Technology is embedded within social relations of hierarchy and control, and its use will tend to be governed in accordance with the interests of those who hold power, amplifying the dynamics of the existing social and economic system. A technology introduced under capitalism will tend to reinforce its tendencies to domination and inequality unless a balance of class power as a whole ensures that there is countervailing force. History provides examples of new technologies that lend themselves to challenges against authority, as with the printing press which enabled Lutherans to disseminate cheap vernacular copies of the Bible and so challenge the spiritual and temporal authority of the papacy.  These anti-authoritarian possibilities can only be realised however if the technology is put to use by organised interest that challenges society’s common sense of who has power in society and for what purposes.

The open architecture of the internet, in which we can all participate and enrich ourselves and our shared culture without permission from some central authority, enables us to create what openDemocracy calls a “digital commons”.

That is to say, it is possible to create an open space for interaction not dominated by the enclosures, ad hominem violence and commercialism of the web as a whole.

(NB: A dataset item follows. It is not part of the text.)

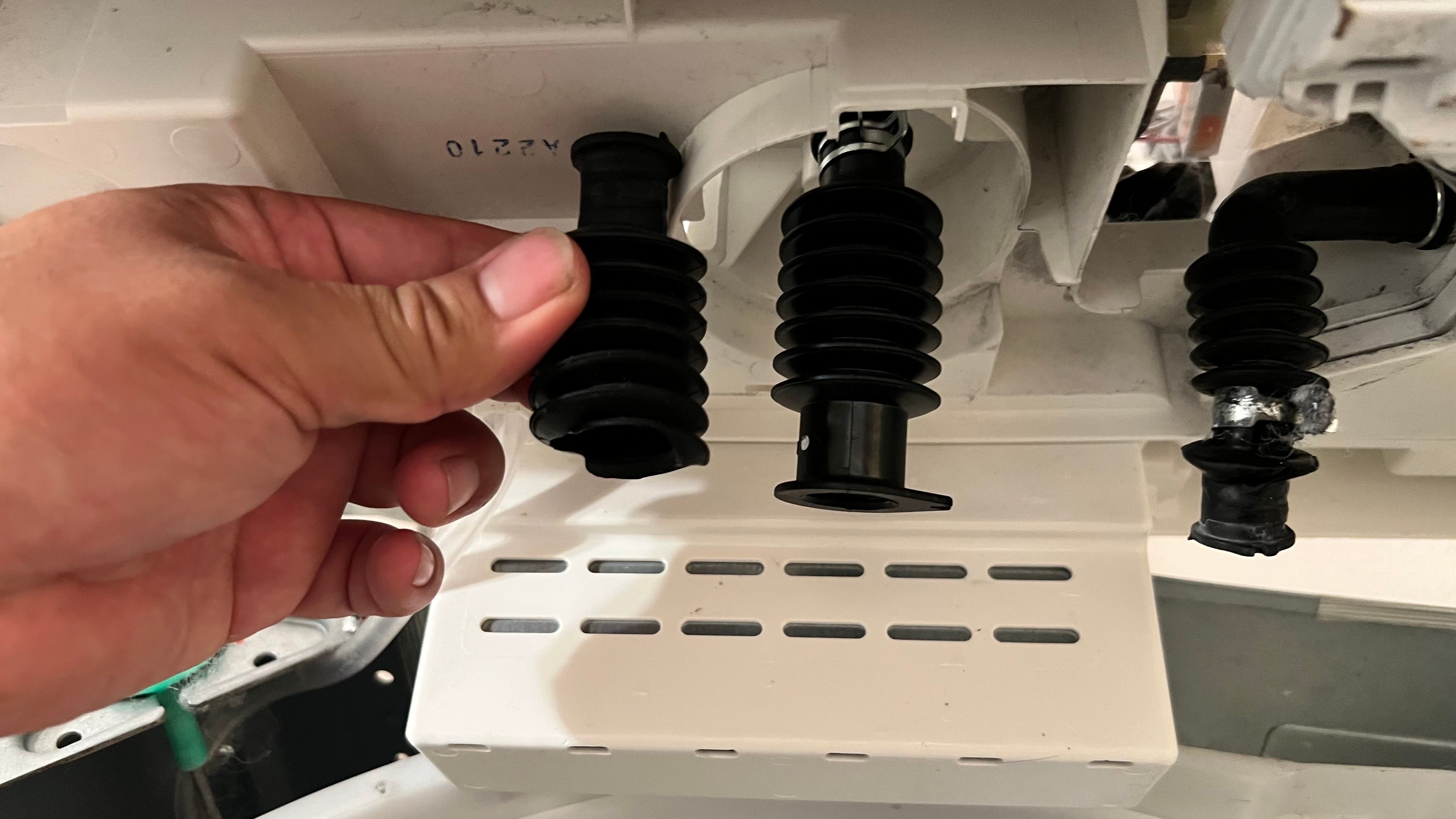 さらに、今回は給水ホースからの水漏れがあったため、新しいホースに交換修理を実施。

But while the technology makes this possible, it is by no means inevitable. There are, after all, huge fortunes to be made from preventing it.

In its ideal form, a digital commons is a realm of free access and reciprocal production much like the common pastural fields and forests of England prior to their enclosure by avaricious landowners; a place where we can live, play, create, share and discuss “out of sight or out of slavery”, as the Digger Gerald Winstanley put it.  Just like the physical commons, however, the digital commons has proven vulnerable to capture and exploitation in the process of capital accumulation.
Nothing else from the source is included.